Ford street is the street I lived on. Mom still lives there


----------



## fishing pole

Government: We are taking you're rights away.

People : Okay


----------



## fishwendel2

fishing pole said:


> Government: We are taking you're rights away.
> 
> People : Okay


Rights? They are only restricting their city owned access. You can still fish there


----------



## fishing pole

The city = taxpayers. = us.


----------



## TDD11

fishing pole said:


> Government: We are taking you're rights away.
> 
> People : Okay


What would you consider the requisite response?


----------



## KaGee

fishing pole said:


> The city = taxpayers. = us.


Do you live in Maumee?


----------



## Northern Reb

Remember when our main complaints about the run were the boaters, or the short casters, or mono line users etc...etc...etc. I look forward to those good times again


----------



## loomis82

That's great lol


Northern Reb said:


> Remember when our main complaints about the run were the boaters, or the short casters, or mono line users etc...etc...etc. I look forward to those good times again


----------



## DBV

fishing pole said:


> Government: We are taking you're rights away.
> 
> People : Okay


That is funny, but so true so far. Next it will be martial law.


----------



## Jim Barger Sr

This from Maumee Tackle:
Ok take a deep breath–Fishing is not shut down. Its all good on the river. You can still fish , just a few more precautions must be taken.

Get dropped off or walk.

Below I have posted the Mayor of Maumees letter.
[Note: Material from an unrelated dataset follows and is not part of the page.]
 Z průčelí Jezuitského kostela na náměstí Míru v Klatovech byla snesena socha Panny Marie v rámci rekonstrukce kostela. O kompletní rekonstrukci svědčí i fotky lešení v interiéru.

What it means is that NO PARKING will be available on River road in Maumee, or along the adjacent residential street areas in the immediate vicinity of the river; for example Harrison and Ford street, I spoke with the Metroparks Representative this morning and Sidecut Metropark in Maumee will remain open for fishing and hiking .Again you can fish and hike the Metroparks, You can fish and hike the Maumee River. ..just have to walk to get there. Boat ramps remain open. The Metroparks upriver ,Farnsworth and Bendview are also open and the parking lots are open as well. The Metroparks have been great advocates for us fishermen during this time of social distancing, When you see a Metro parks representative holler at them “Good Job and Thanks” As outdoorsmen we have been doing a great job on the river keeping our distance.
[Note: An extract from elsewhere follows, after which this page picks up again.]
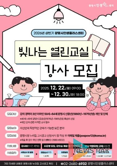 뉴스팍 배상미 기자 | 광명시는 오는 30일까지 ‘2026년 상반기 빛나는 열린교실’에 참여할 신중년 아마추어 강사를 모집한다.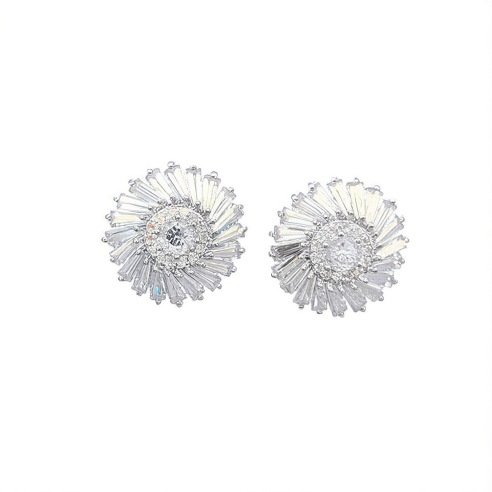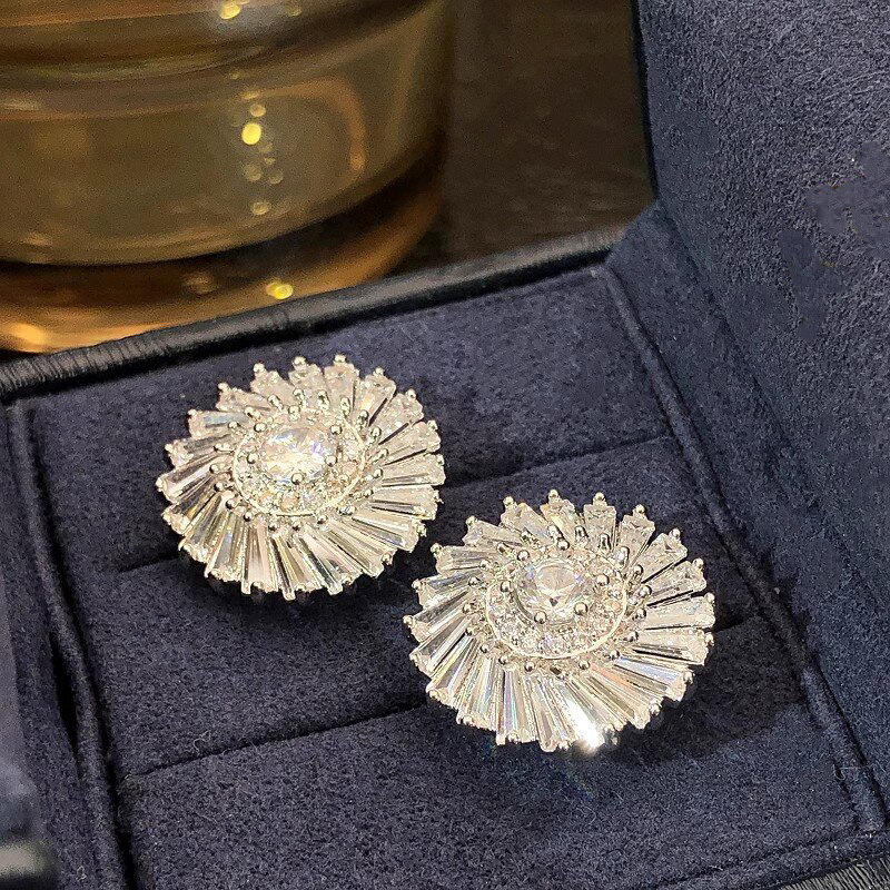 E4636 White Gold Flower Stud Earrings With Round Zircon Claw Setting For Women Wedding Romantic Fashion Jewelry

Here is the Mayors letter;-read it carefully and do not jump to conclusions.

Re: Immediate Closures
Effective immediately, the City of Maumee is closing all access points to the Maumee River and placing no parking signs on streets in the immediate vicinity of the river.

The COVID-19 crisis places in danger, all health care workers, police officers, paramedics/EMT’s, an all whose jobs put them in contact with the public.

It is for the safety of our residents and all who serve us that we are enforcing this policy.

Sincerely,
Richard Carr
Mayor


----------



## Morrowtucky Mike

loomis82 said:


> Wonder about people that have houses on the river can they fish their property? I know people that live on the river and they do fish off their property. All I can say is good luck to the DNR and law enforcement bc there's going to be A LOT of people sneaking in. Its ashame people couldn't follow the ordinances whether you like them or not. Ruined it for people that did.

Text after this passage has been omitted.